Edifice.Attention.RWKV (Edifice v0.2.0)

RWKV-7 "Goose": Linear attention with O(1) space complexity.

RWKV (Receptance Weighted Key Value) is a linear attention architecture that combines the parallelizable training of Transformers with the efficient O(1) inference of RNNs.

Key Innovation: Generalized Delta Rule

RWKV-7 uses a generalized delta rule that surpasses the TC0 constraint, enabling it to comprehensively outperform Transformers on many tasks.

Architecture

Input [batch, seq_len, embed_dim]
      |
      v
+-------------------------------------+
|  RWKV Block                          |
|                                      |
|  +----------------------------------+
|  | Time-Mixing (WKV Attention)      |
|  | - R-gate: receptance             |
|  | - W: time decay                  |
|  | - K, V: key-value pairs          |
|  | - time_first: first token bias   |
|  +----------------------------------+
|                                      |
|  +----------------------------------+
|  | Channel-Mixing (FFN)              |
|  | - R-gate * K-gate                 |
|  +----------------------------------+
+-------------------------------------+
      | (repeat for num_layers)
      v
[batch, hidden_size]

Complexity

Phase	Time	Space
Training	O(L)	O(L)
Inference	O(1) per step	O(1)

Key Difference from Mamba

Aspect	RWKV	Mamba
Attention	WKV (weighted key-value)	SSM (state space)
State	O(1) fixed size	O(L) for full sequence
Decay	Learned per-channel	Input-dependent
Gating	R-gate, K-gate	SiLU gating

Usage

model = RWKV.build(
  embed_dim: 287,
  hidden_size: 256,
  num_layers: 6
)

References

RWKV-7 "Goose" architecture wiki: https://wiki.rwkv.com/basic/architecture.html
Paper: "RWKV: Reinventing RNNs for the Transformer Era" (arXiv:2305.13048)
Deployment: Shipped to 1.5B Windows devices for on-device Copilot

Summary

Types

build_opt()

Options for build/1.

Functions

build(opts \\ [])

Build an RWKV-7 model for sequence processing.

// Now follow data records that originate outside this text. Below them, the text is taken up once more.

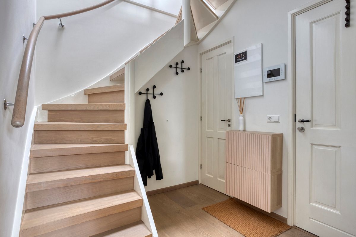 Via het gedeelde portiek en de trap met plavuizen bereikt u de entree van het appartement op de eerste verdieping. In de hal bevinden zich het modern betegelde toilet met hangend closet en fontein, een vaste trappenkast en de trapopgang naar de tweede verdieping. Ook is hier de bediening van de centrale voordeur via video-intercom aanwezig.
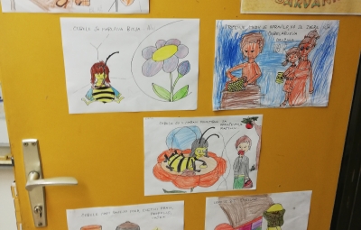 Cel teden so spoznavali našo pridno čebelico kranjsko sivko in jo na koncu tudi izdelali. Barvali so pobarvanke na temo čebelarstva in zdrave prehrane.
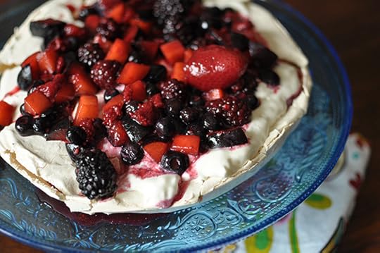 I fell in love with Pavlovas a few years ago after tasting one fresh out of the test kitchen at Every Day with Rachael Ray magazine. Normally I’m not a fruit dessert kinda gal. Chocolate is and always will be my “thing” but the Pavlova is special. Pavlova is a meringue based dessert with a crisp crust and soft, light inside. It’s often served topped with a layer of fresh whipped cream and macerated fresh berries. It’s light and refreshing and honestly the perfect ending to any summer meal. The end result is such a beautiful presentation, you’ll want to make it over and over again. the best part is, the meringue part can be made a few days in advance, easy entertaining at it’s very best! Enjoy!
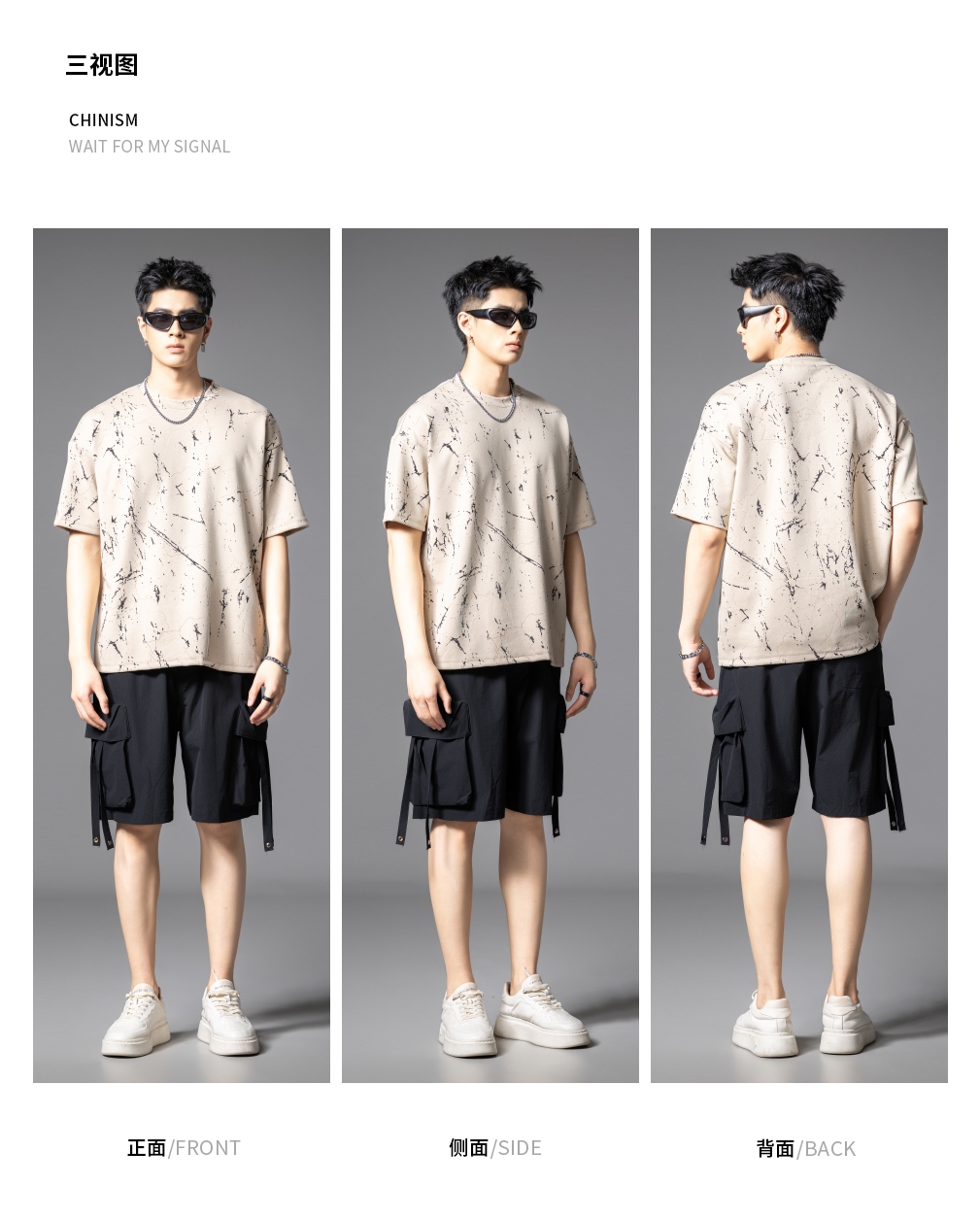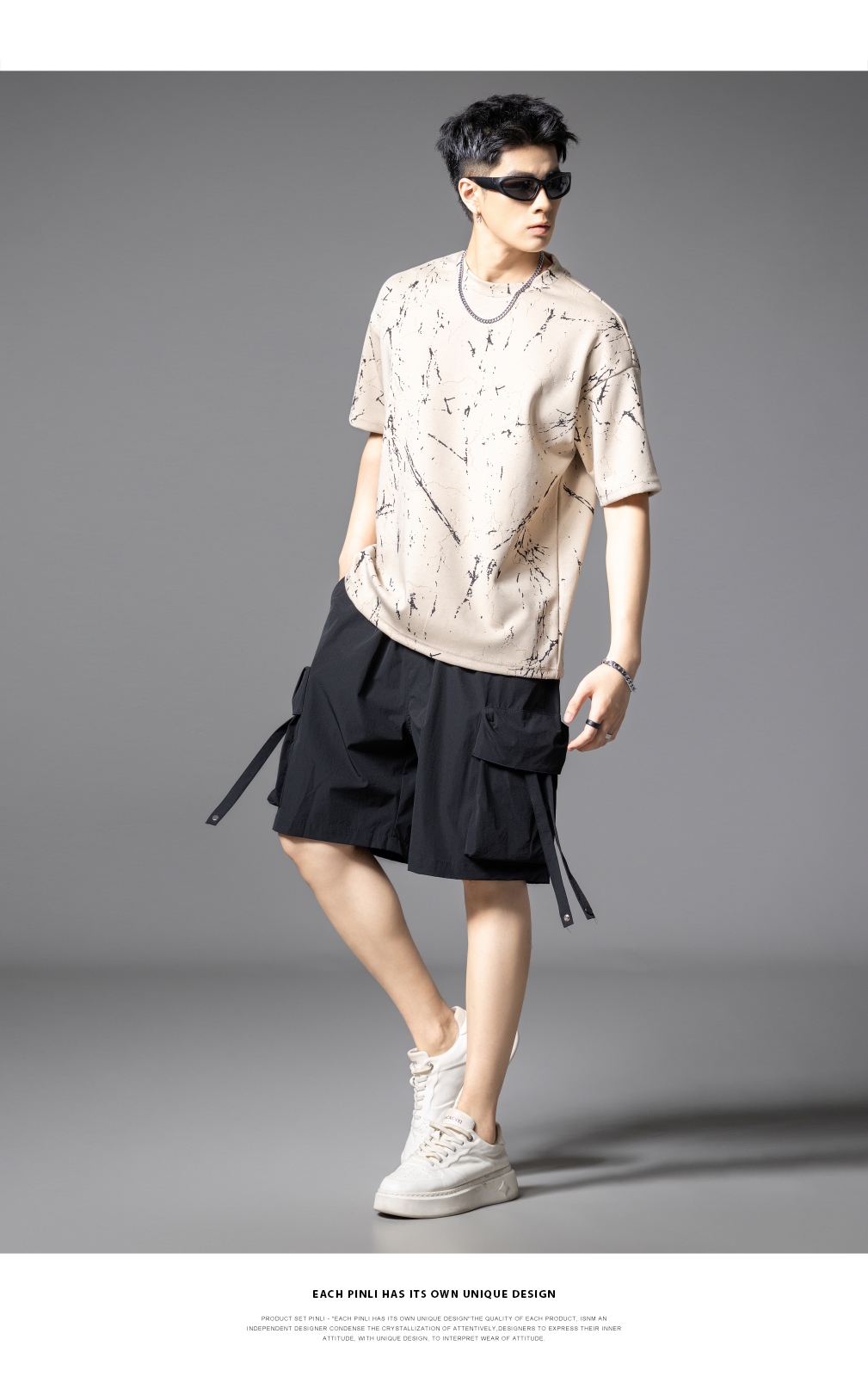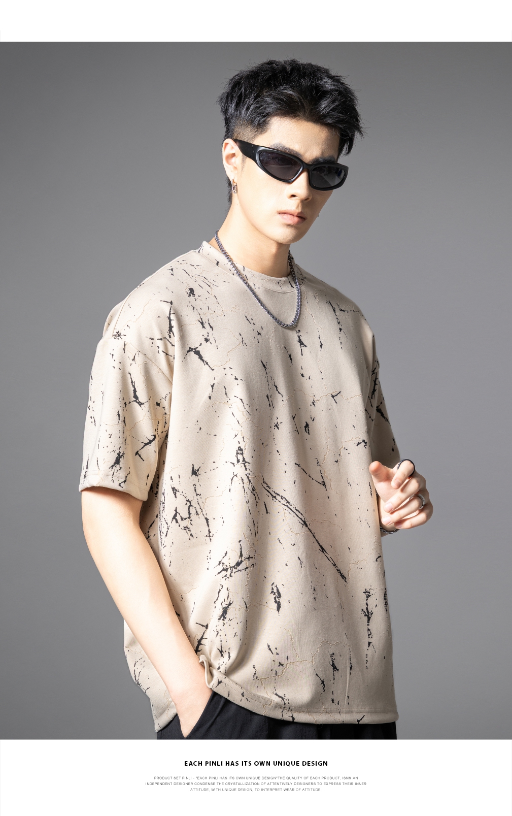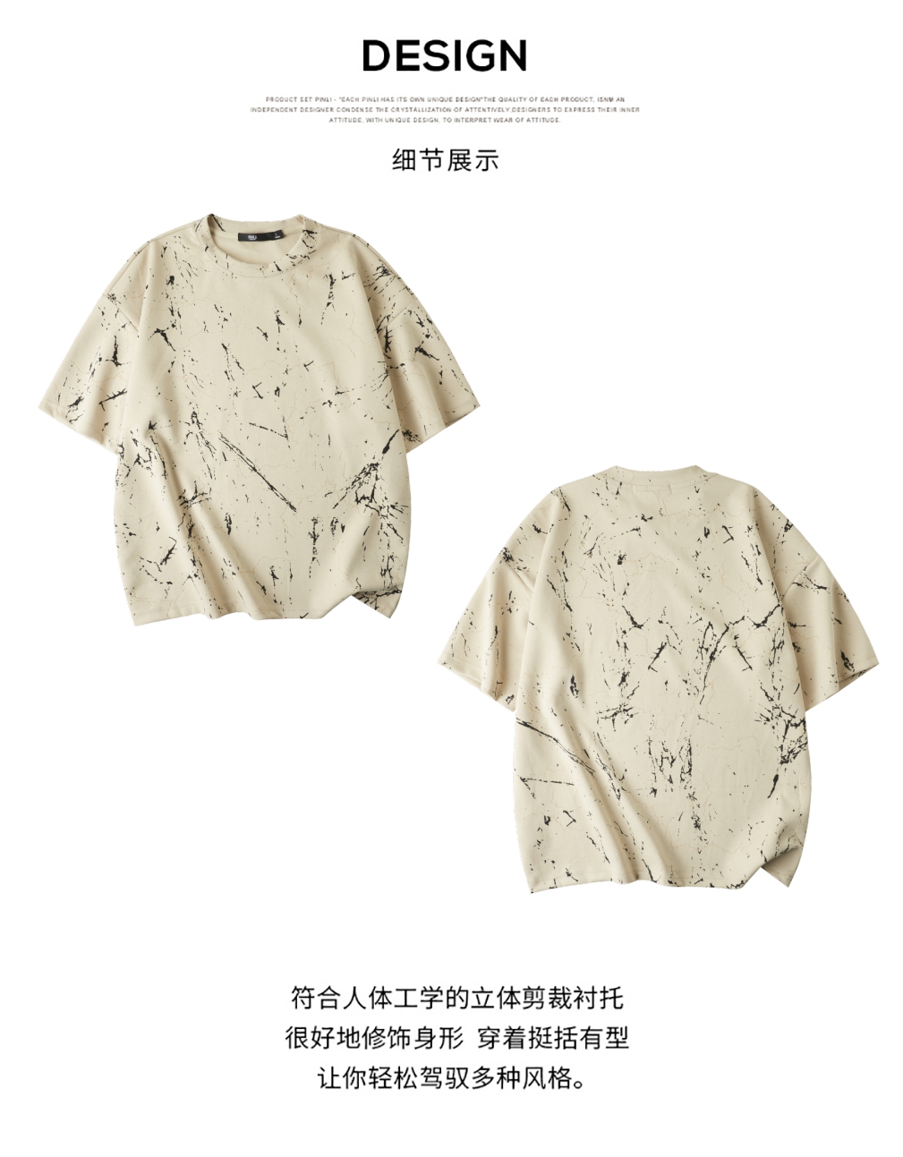 PINLI品立2025夏季新款宽松短袖T恤裂纹肌理烧花扎染印花男士上衣B252111065
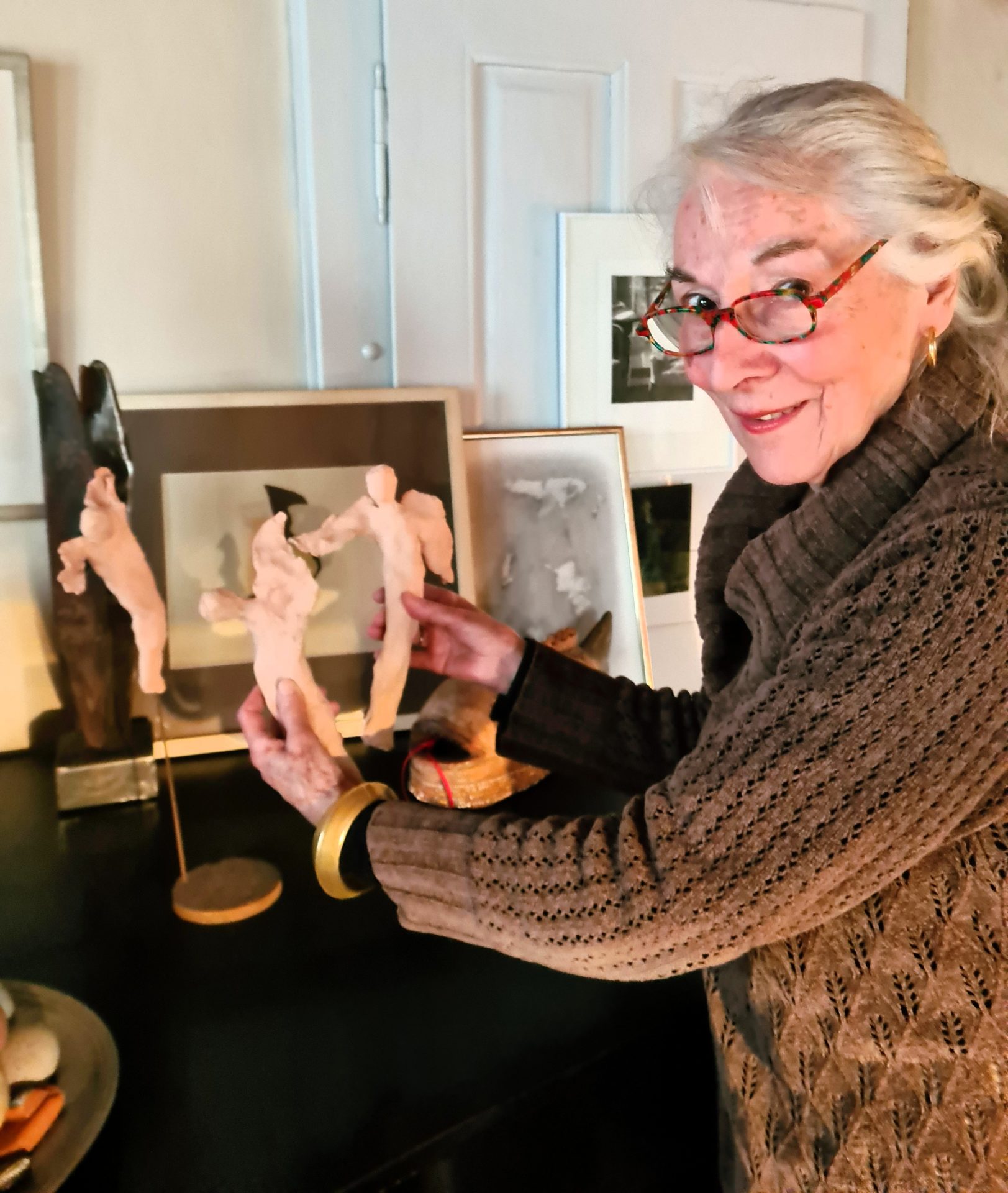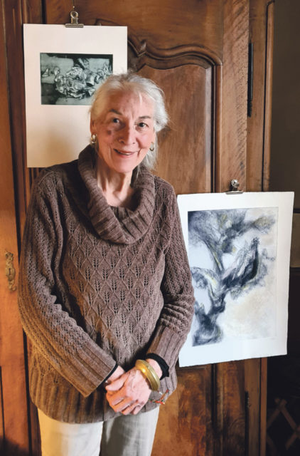 Avec une maman, qui s’adonnait à la peinture sur porcelaine, Claudine apprit dès sa petite enfance à utiliser des crayons. Très vite le besoin de s’exprimer par la peinture, le dessin, sont devenus indispensables. Réfractaire à l’école, elle trouve rapidement du travail pour financer ses projets artistiques en faisant de l’iconographie et des recherches en lien avec le patrimoine (Encyclopédie vaudoise). Son esprit curieux et ouvert et son envie de créer l’ont emmenée vers différentes disciplines telles que la peinture à l’huile, l’aquarelle, l’acrylique, les sculptures en fer, en terre cuite et la gravure. « Fabienne Vögeli m’a fait découvrir la gravure et subjuguée par le côté magique du résultat obtenu en intégrant des objets directement dans mes créations, en les encrant et les passant sous presse, j’ai pris des cours avec elle. Je ramassais tout ce qui m’inspirait, pressais, collais, teintais, dessinais, gravais : les trousseaux de ma mère, de ma grand-mère que j’avais hérités où je découpais les monogrammes, des bas, des racines, des graines, des plantes, des insectes, etc. J’ai ainsi réalisé de nombreuses œuvres, souvent des séries qui permettent d’approfondir un sujet. Laura Salvadori a choisi 30 pièces sur les 250 sélectionnées pour l’exposition » relate Claudine Hildbrand-Leyvraz qui, à 82 ans, reste hyperactive et passionnée par tout ce qui l’entoure. « Avec l’âge, on bouge moins mais on observe plus » révèle cette créatrice infatigable, qui a eu de nombreuses activités tout en travaillant à la maison pour élever ses 3 enfants, dont ses deux filles qui ont fait leurs chemins dans les arts visuels. Elle a également le bonheur d’être grand-maman de deux petits-enfants et de partager sa vie avec son mari, médecin à la retraite.

build_channel_mixing(input, opts)

Build the Channel-Mixing sub-block (FFN with gating).

build_rwkv_block(input, opts)

Build a single RWKV block.

build_time_mixing(input, opts)

Build the Time-Mixing sub-block (WKV attention).

init_cache(opts \\ [])

Initialize hidden state for O(1) incremental inference.

output_size(opts \\ [])

Get the output size of an RWKV model.

param_count(opts)

Calculate approximate parameter count for an RWKV model.

recommended_defaults()

Recommended default configuration for sequence processing.